**Exercise description**: Could you copy exactly the lines below from the one with "Многолетние цветы |" to the one with "轩辕黄帝祝由十三科 视频+资", inclusive, leaving out any pictures?
*** Task material ***
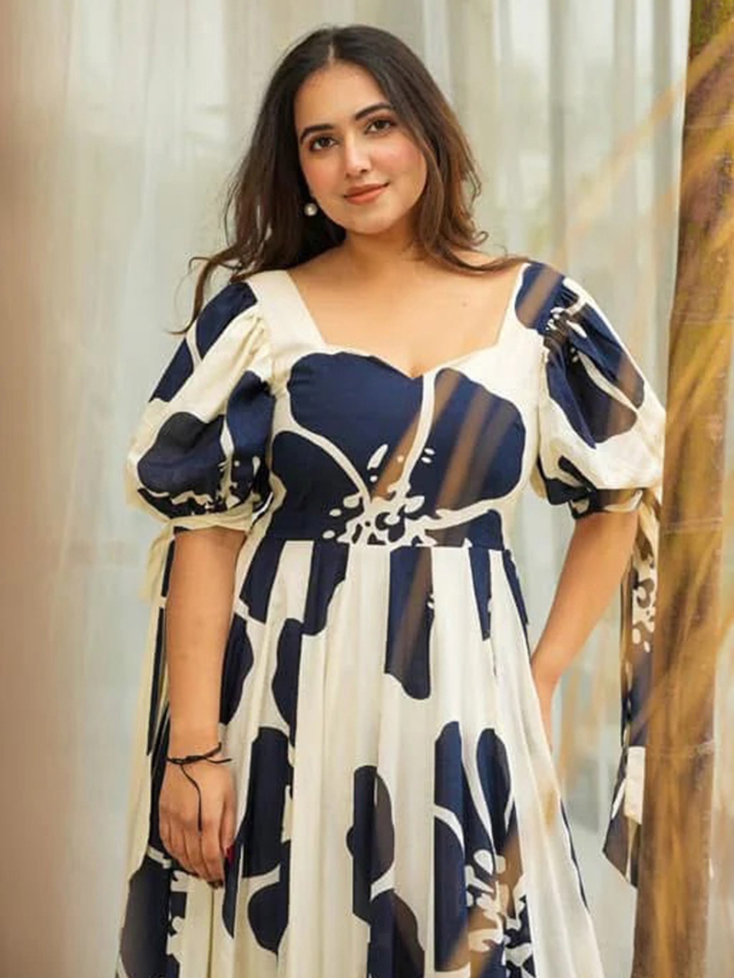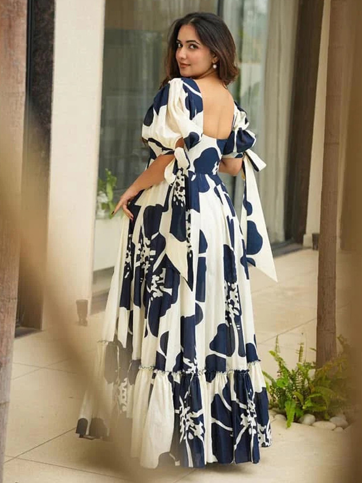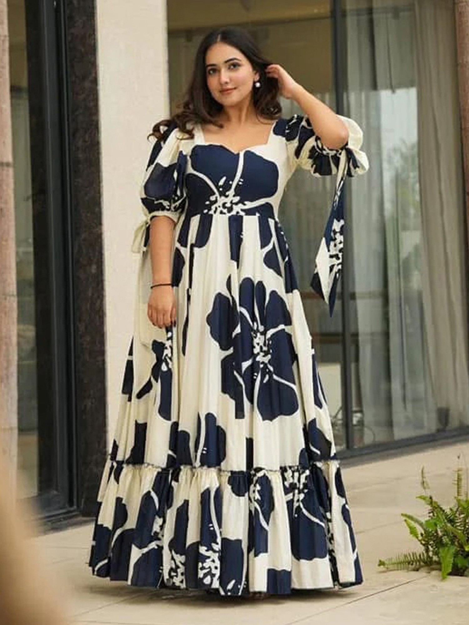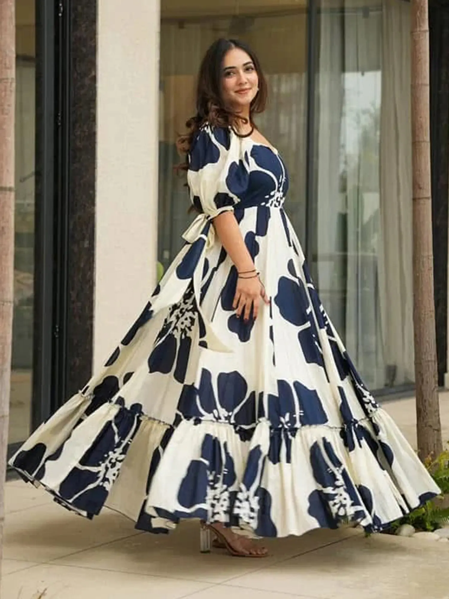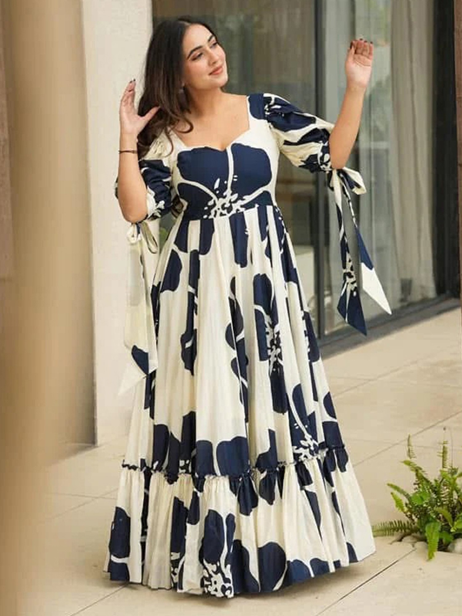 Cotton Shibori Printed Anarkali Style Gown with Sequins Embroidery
*** End of Task material ***
*** Task material ***
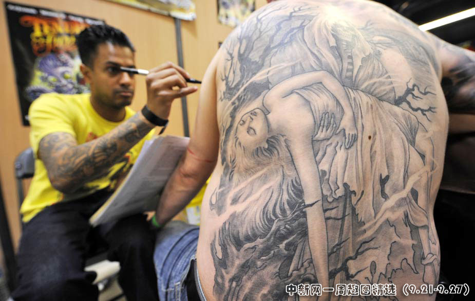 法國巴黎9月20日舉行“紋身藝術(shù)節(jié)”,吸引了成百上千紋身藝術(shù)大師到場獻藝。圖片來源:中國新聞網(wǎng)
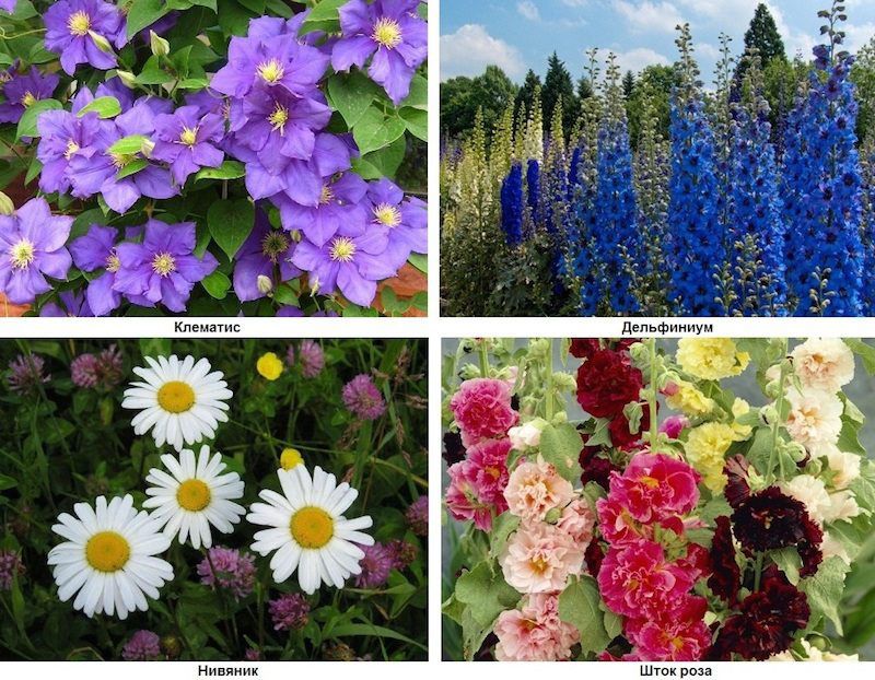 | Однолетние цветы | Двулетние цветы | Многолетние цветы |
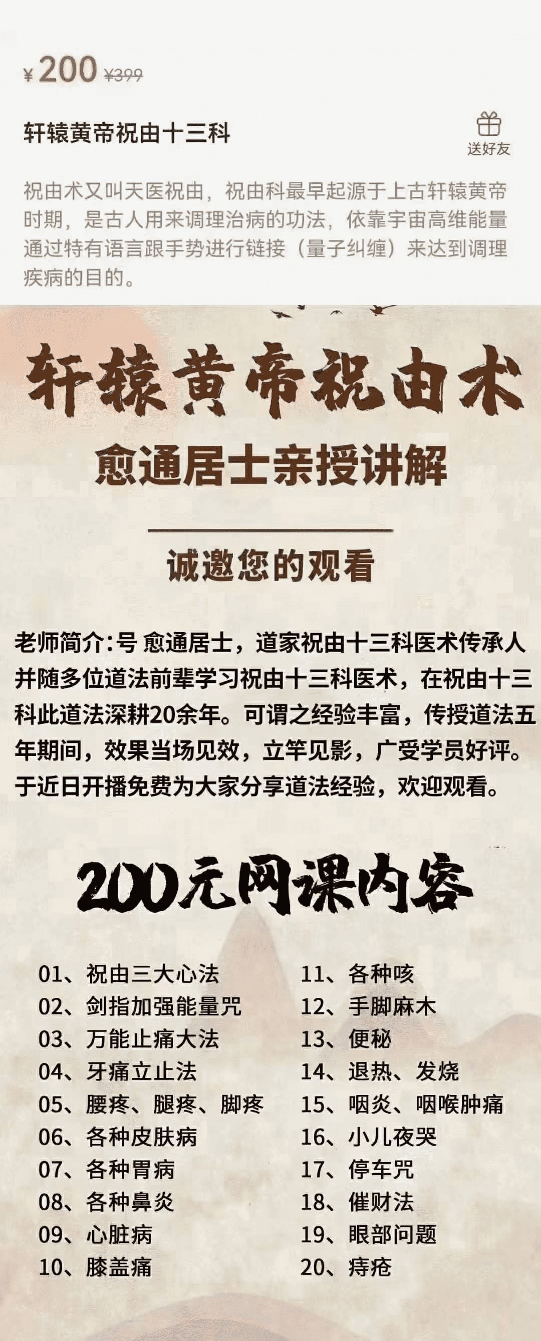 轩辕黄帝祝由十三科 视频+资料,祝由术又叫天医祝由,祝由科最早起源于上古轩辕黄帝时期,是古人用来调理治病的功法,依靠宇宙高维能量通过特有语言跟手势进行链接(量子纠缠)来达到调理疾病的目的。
*** End of Task material ***
*** Task material ***
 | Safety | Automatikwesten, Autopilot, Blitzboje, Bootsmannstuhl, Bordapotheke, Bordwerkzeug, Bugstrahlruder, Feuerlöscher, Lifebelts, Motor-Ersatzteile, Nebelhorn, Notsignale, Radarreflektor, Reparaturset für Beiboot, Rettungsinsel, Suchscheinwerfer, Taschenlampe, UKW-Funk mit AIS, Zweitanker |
*** End of Task material ***
**Result**:
 | Однолетние цветы | Двулетние цветы | Многолетние цветы |
 轩辕黄帝祝由十三科 视频+资料,祝由术又叫天医祝由,祝由科最早起源于上古轩辕黄帝时期,是古人用来调理治病的功法,依靠宇宙高维能量通过特有语言跟手势进行链接(量子纠缠)来达到调理疾病的目的。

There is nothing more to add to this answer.